The present invention provides several advantages over prior AADC gene therapy. (i) The present invention provides higher doses of rAAV-hAADC vector. (ii) The present invention provides doses of rAAV-hAADC tailored to a patient's age. (iii) The present invention treats or prevents AADC gene therapy induced dyskinesia. (iv) The present invention increases AADC gene therapy transduction. (iv) The present invention limits interference of a patient's immune system. (v) The present invention avoids using onerous skull-fixed head frame stereotaxy. (vi) The present invention offers greater precision, limited surgical exposure, and greater safety.

The present invention will best be understood with reference to the following terms:

The term “Aromatic-amino acid decarboxylase” or “AADC” shall mean a polypeptide which decarboxylates dopa to dopamine. (See EC 4.1.1.28; OMIM 107930.) “AADC” includes, but is not limited to, a full-length AADC polypeptide, active fragment or functional homologue thereof. Literature reports that AADC is the final enzyme in the biosynthesis of the monoamine neurotransmitters serotonin and dopamine, and dopamine is the precursor for norepinephrine and epinephrine. See K. et al., “Aromatic amino acid decarboxylase deficiency in twins.”1990; 13 (3): 301-4.

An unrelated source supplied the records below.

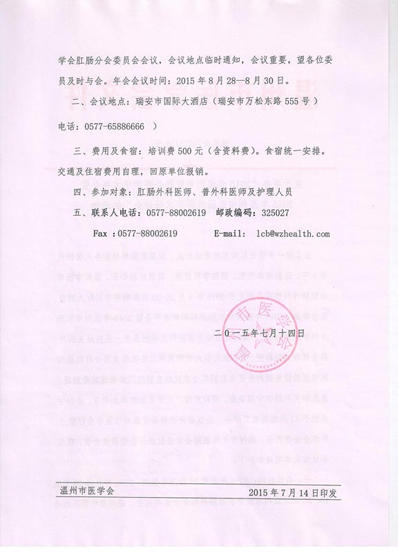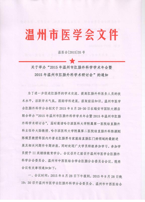 关于举办“2015年温州市肛肠外科学学术年会暨2015年温州市肛肠外科学术研讨会”的通知
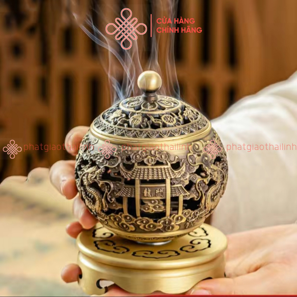 Lư Đồng Xông Trầm Họa Tiết Ngũ Long Chầu Nguyệt (Tặng Kèm 3 Nụ Trầm) - Cửa Hàng Phật Giáo Thái Linh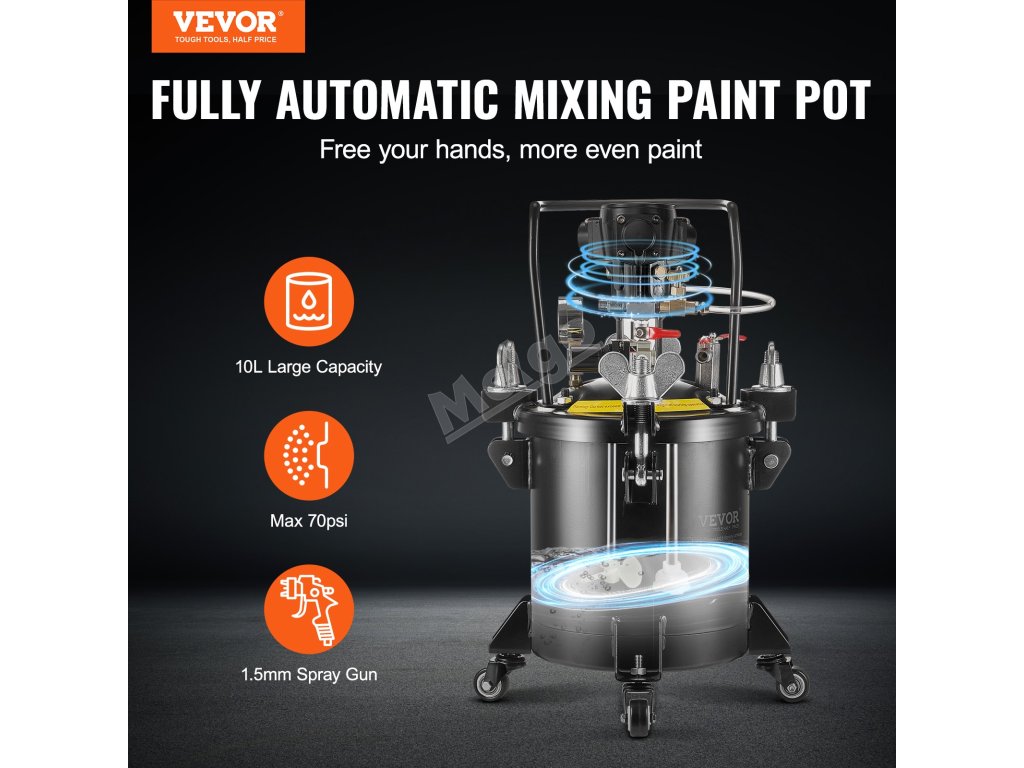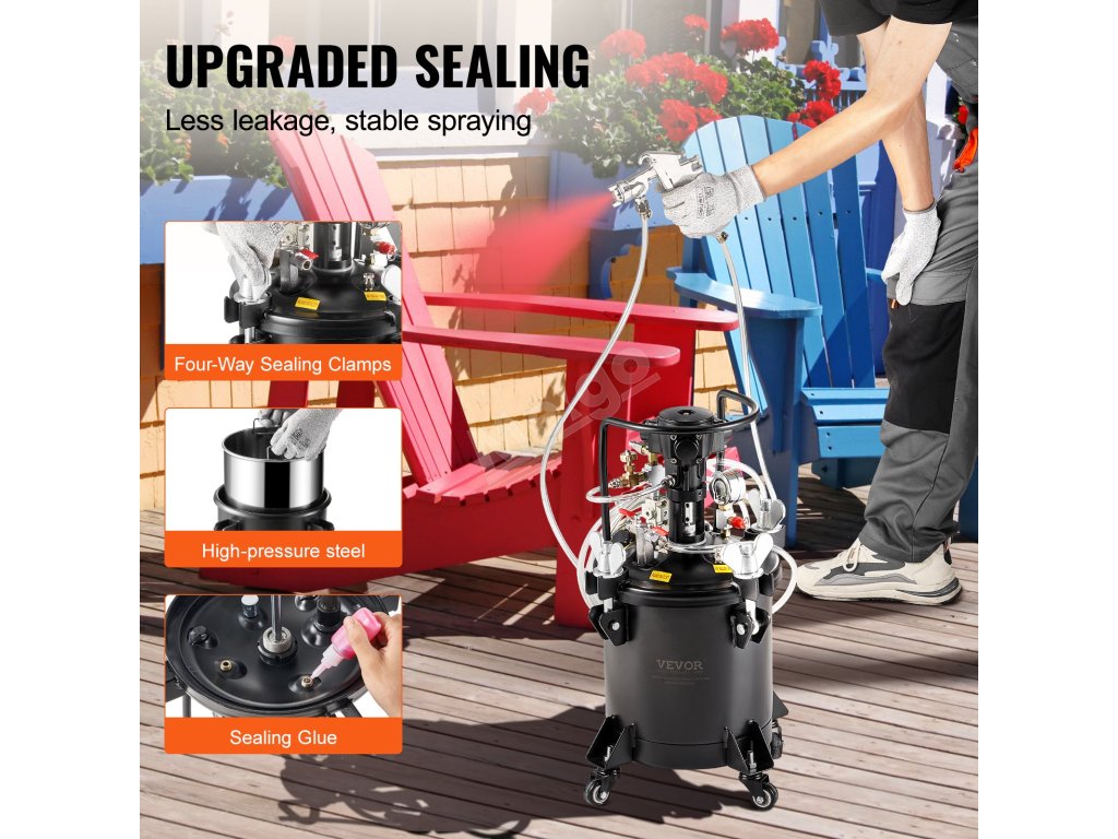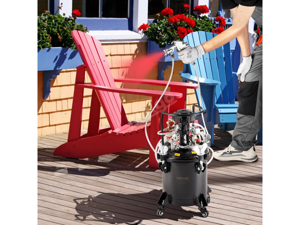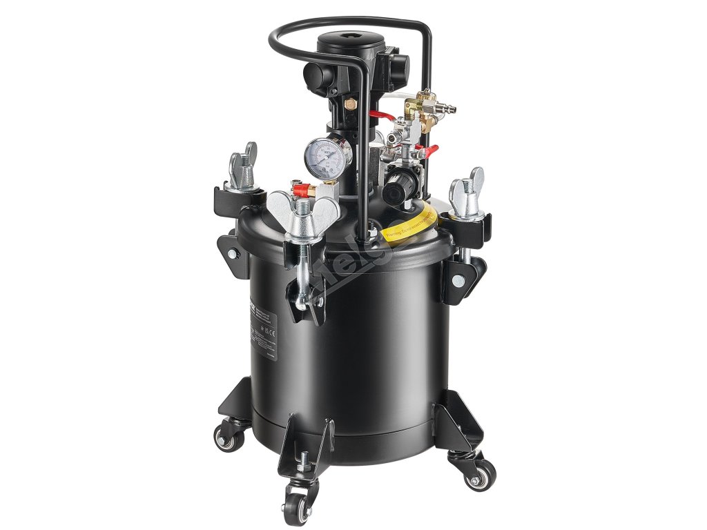 Velkokapacitní tlakový hrnec s automatickým mícháním barvy je ideální pro domácí i průmyslové lakování. Umožňuje pokrýt velké plochy najednou, což snižuje potřebu častého doplňování barvy.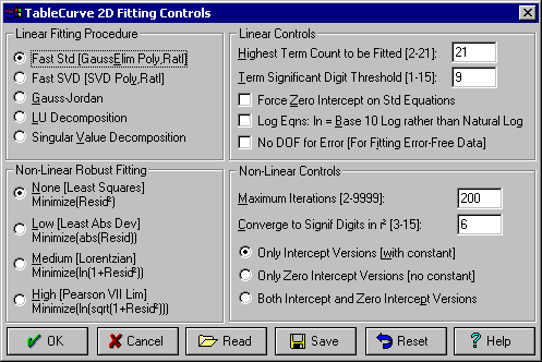フィットの最大項数 Highest Term Count to be Fitted は、すべの近似関数に対して 21 がデフォルト設定になっています。項の有効閾値 Term Significant Digit Threshold の設定値 9 は、y 値に対して 1E-9 以上の効果がある場合、項として関数に加えられることを意味しています。強制ゼロ切片 Force Zero Intercept on Std Equations オプションは、TableCurve 2D の 3205 個の標準線形関数 (多項式関数、有理関数ではないもの) でフィッティングする際、原点を通過させるためのものです。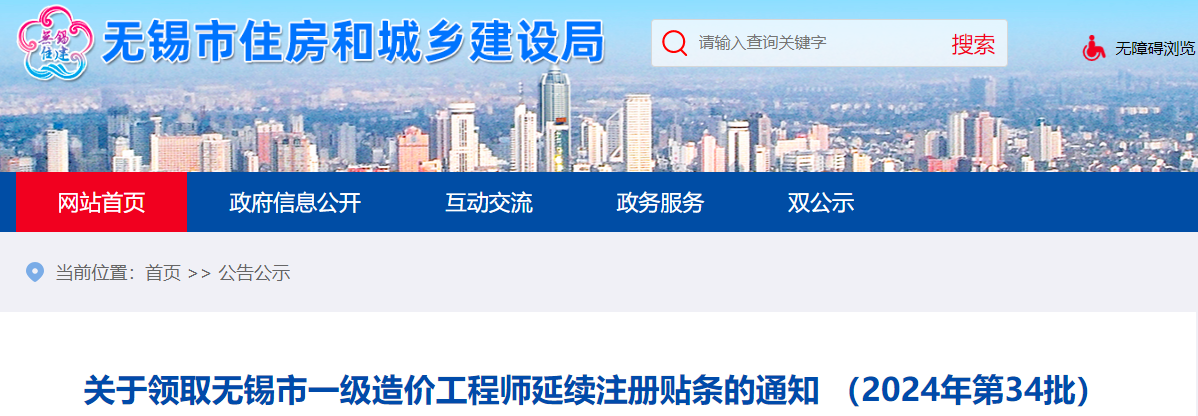 2024年8月29日,无锡市住房和城乡建设局发布了《关于领取无锡市一级造价工程师延续注册贴条的通知

The term “Aromatic-amino acid decarboxylase deficiency,” “AADC deficiency,” or “AADCD” shall mean an inherited disorder of monoamine neurotransmitter syntheses reportedly caused by a homozygous or compound heterozygous mutation in the AADC gene DDC on chromosome 7p12 (OMIM 608643). Literature reports that AADC disorder is clinically characterized by vegetative symptoms, oculogyric crises, dystonia, and severe neurologic dysfunction, usually beginning in infancy or childhood. See Brun L, et al., “Clinical and biochemical features of aromatic L-amino acid decarboxylase deficiency,”2010 Jul. 6; 75 (1): 64-71. Literature also reports that AADC deficiency is an autosomal recessive inborn error in neurotransmitter metabolism that leads to combined serotonin and catecholamine deficiency. See N. G. Abeling et al. “Pathobiochemical implications of hyperdopaminuria in patients with aromatic L-amino acid decarboxylase deficiency,”2000 June; 23 (4): 325-8. Reference is made to Wassenberg et al. “Consensus guideline for the diagnosis and treatment of aromatic L-amino acid decarboxylase (AADC) deficiency” Orphanet Journal of Rare Diseases (2017) 12:12. More than 50 different DDC gene disease-causing variants. A founder splice variant (IVS6+4A>T) is associated with a severe phenotype of AADC deficiency. Medical histories from 37 subjects with AADC deficiency were reviewed for motor development, mutation, and body weight. End points for patients were either their latest follow up, death, or entering into a gene therapy clinical trial. The mean age of these subjects, at the end points, was 4.78 years (1.31-11.33). Of the 37 patients, 36 did not develop a full head control, nor sitting or standing, during any time point from birth to the end points, and none of them developed a speech. Their body weights were normal in the first few months of life, but severe growth retardation occurred during 1-4 years of age. Founder splice variant c.714+4A>T (IVS6+4A>T) represented 76% of subjects' DDC mutations.